I think dash would be more intuitive to represent a range here.

Your comment about Germans intrigued me so I googled it. If you were referring to a comma as a digit separator, there's about 70 countries that use the comma as a decimal point: most of Europe, Africa, and South America, many more than just Germans :)

https://en.m.wikipedia.org/wiki/Decimal_mark#Countries_using...


I'm pretty sure more countries in the world use a decimal comma than a decimal point. Certainly more than use Fahrenheit, anyway.


In South Africa, the decimal comma is the standard, but beyond school, I almost never see it used. The space is still retained as a thousands seperator (I don't think I've ever seen a comma thousands seperator in a South African context).

The widespread use of the decimal point in SA is presumably the legacy of cheap digital calculators that couldn't be localised effectively.

I wonder how other decimal comma countries have been able to stave off the decimal point.


> I wonder how other decimal comma countries have been able to stave off the decimal point.

Yes, I looked it up a while ago for some reason, and was surprised the comma was so widely used.

I'm also surprised SA uses the comma, because if there's any kind of pattern it seems to be former British Empire countries, or places where Britain had some historical connection, that use decimal point, and Continental Europe, or former European colonies, using the decimal comma.
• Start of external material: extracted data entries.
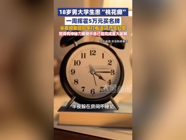 18岁男大学生患"桃花癫",一周摧残品5万元买名牌,深宵频繁给同学打电话还产生幻觉,合计有奥秘力量示意我方能完成紧要发明。
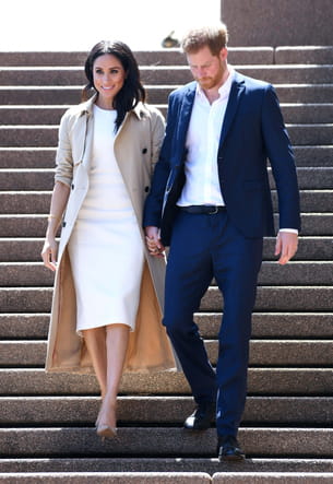 Sur les marches de l'Opéra de Sydney au lendemain de l'annonce de sa grossesse, Meghan Markle était au bras de son époux, le prince Harry. Elle a choisi de sublimer ses rondeurs naissantes en portant une robe près du corps blanc cassé qu'elle avait réchauffé avec un trench-coat de couleur sable.
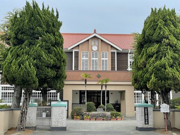 木造校舎が特徴的な、岡山県でも有数の大規模校です。

It's a temperature range. You see there four integers.


Indeed, I think brackets would be more explicit than parenthesis.


I thought most of Europe used commas. They do in Holland.


Is a digital numeric approximation of a real number called "floating comma" in those countries? Or "floating full stop" in the UK?


"Floating point numbers" are called "Fließkommazahlen" in German, which is a word-for-word translation of "Floating comma numbers".

So at least for German I would say yes.


Yes, German is so precise! (More precise than floating point.) I'd be surprised if there weren't long German words for different kinds of floating point numbers, that spell out the unabbreviated name of the IEEE standard and the exact number of bits used for mantissa and exponent.


"siebenhundertsiebenundsiebzigtausendsiebenhundertsiebenundsiebzig". In German, whole numbers can be expressed as single words...[0]

https://en.wikipedia.org/wiki/Longest_words#German


Seven hundred seventy-seven thousand seven hundred and seventy-seven.

Whether it is written with spaces or dashes or neither is nothing more than an artefact of orthography. Extreme compound words can be created in English, too, they just look less like compounds (and they violate cultural aesthetics more than in German).


Actually the only difference with German is that a) some simple words are longer and b) compound words are always chained together in writing.

"Floating point number" is a compound word in English too but there are very few compound words which are chained together as in German (e.g. hardware, blackbird).


No, it's called a "floating period", like in the US.


I'm in the US and I've never heard that term before. Google seems equally confused.


The parent of my comment was making a joke (I doubt he seriously thinks people say "floating full stops" in the UK) so I made a joke too, in the same vein. You know, period/full stop...

It may not have been the best joke ever but I don't think it deserved 3 downvotes. People can be really tiresome sometimes.

(I'm not saying to you BTW; I don't think you downvoted.)

Edit: Okay, I received two upvotes after writing this, so now my post feels way too bitter. I'll leave it because I do think the point still stands - people are sometimes way too ready to downvote posts here (I don't mean mine, but anyone's) - but I'll also say people here are really very nice most of the time too.